» **WHAT IS BEING ASKED**: In the listing that follows, give every line again exactly and omit the pictures.

» **GIVEN INFORMATION**:

Content starts

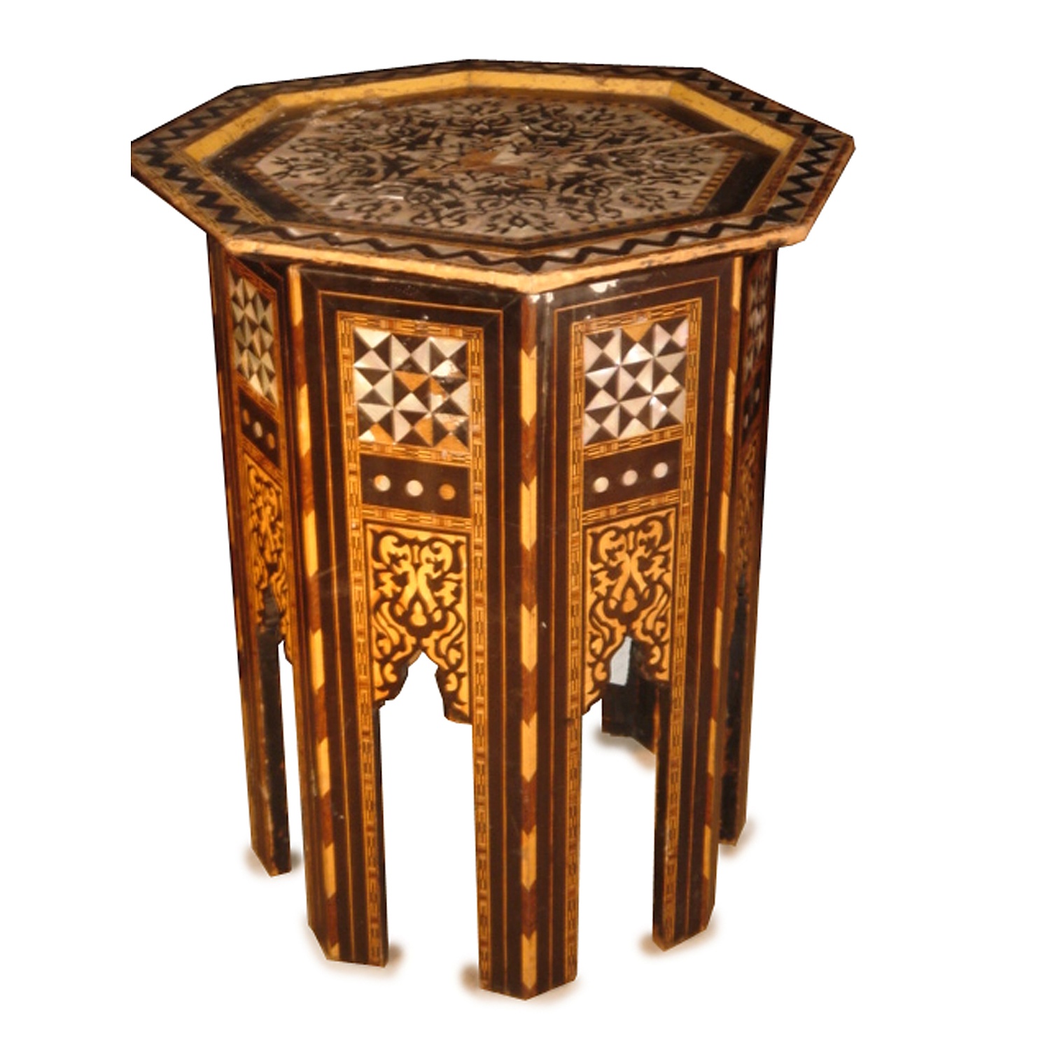 LOW MOTHER OF PEARL INLAID HEXAGONAL MOROCCAN TABLE 59 CM HIGH 48 CM WIDE 48 CM DEEP
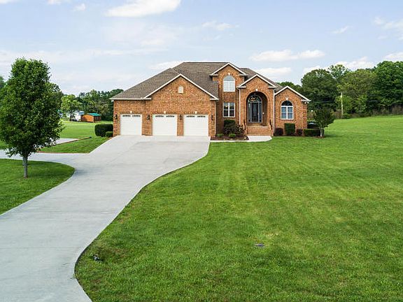 Finally..a home that has all you are looking for at an affordable price! 2 master suites on the main floor. All 5 bedrooms each have their own full private bathroom. This all brick beauty with a 4 car garage was built in 2008 and offers 10 level acres with plenty of room for a pool. Open eat in kitchen provides a large center island 42 inch birch cabinets with soft close drawers, chef's desk, butlers pantry, granite counter tops & all appliances included. Spacious Laundry room with built in cabinets, utility sink & washer /dryer included. 3 zone a/c and heat pumps for each floor allows true energy efficiency. See thru fireplace between the hearth room and kitchen. Built by custom local builder, A&M Builders, features incl coffered ceilings,bull nose corners, transom and clerestory windows.5 ft custom wrought iron fence around part of the backyard is perfect for Fido and the kids. The basement offers custom etched cut concrete floor & plenty of storage space plus another garage to store the toys.A full bedroom and bathroom in the basement for family member that needs their own space. All Bathrooms feature double high vanities. Trey ceilings with lights in both master bedrooms and sliding doors that lead to the spacious deck. 16' coffered ceilings in the family room with sliding glass doors to deck. Office on main floor + formal dining room or living room. Or they could be his and her offices. No carpet anywhere! 18 inch tile in all wet areas. Commercial grade laminate flooring on main and upstairs allows for dogs and kids to play with easy maintenance. 1 year home warranty to buyer at closing with acceptable offer. Easy access to town, airport, and the Great Smoky Mountains.This property is being conveyed on 2 separate lots. Buyers can sell the 8 acre lot or build another home on it. The main house is located on 2.19 acres. Horses allowed! Floor plans convey at closing. What are you waiting for? Come view this home before it is gone!
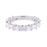 Delicate yet substantial, diamonds ranging from 3.2–3.3 x 2.4–2.5 mm glisten in refined U-prong settings, allowing for optimal sparkle while maintaining a clean, minimal profile. This band effortlessly pairs with an engagement ring or shines solo as a statement of modern romance.

Content ends

» **COMPLETED EXERCISE**:
 LOW MOTHER OF PEARL INLAID HEXAGONAL MOROCCAN TABLE 59 CM HIGH 48 CM WIDE 48 CM DEEP
 Finally..a home that has all you are looking for at an affordable price! 2 master suites on the main floor. All 5 bedrooms each have their own full private bathroom. This all brick beauty with a 4 car garage was built in 2008 and offers 10 level acres with plenty of room for a pool. Open eat in kitchen provides a large center island 42 inch birch cabinets with soft close drawers, chef's desk, butlers pantry, granite counter tops & all appliances included. Spacious Laundry room with built in cabinets, utility sink & washer /dryer included. 3 zone a/c and heat pumps for each floor allows true energy efficiency. See thru fireplace between the hearth room and kitchen. Built by custom local builder, A&M Builders, features incl coffered ceilings,bull nose corners, transom and clerestory windows.5 ft custom wrought iron fence around part of the backyard is perfect for Fido and the kids. The basement offers custom etched cut concrete floor & plenty of storage space plus another garage to store the toys.A full bedroom and bathroom in the basement for family member that needs their own space. All Bathrooms feature double high vanities. Trey ceilings with lights in both master bedrooms and sliding doors that lead to the spacious deck. 16' coffered ceilings in the family room with sliding glass doors to deck. Office on main floor + formal dining room or living room. Or they could be his and her offices. No carpet anywhere! 18 inch tile in all wet areas. Commercial grade laminate flooring on main and upstairs allows for dogs and kids to play with easy maintenance. 1 year home warranty to buyer at closing with acceptable offer. Easy access to town, airport, and the Great Smoky Mountains.This property is being conveyed on 2 separate lots. Buyers can sell the 8 acre lot or build another home on it. The main house is located on 2.19 acres. Horses allowed! Floor plans convey at closing. What are you waiting for? Come view this home before it is gone!
 Delicate yet substantial, diamonds ranging from 3.2–3.3 x 2.4–2.5 mm glisten in refined U-prong settings, allowing for optimal sparkle while maintaining a clean, minimal profile. This band effortlessly pairs with an engagement ring or shines solo as a statement of modern romance.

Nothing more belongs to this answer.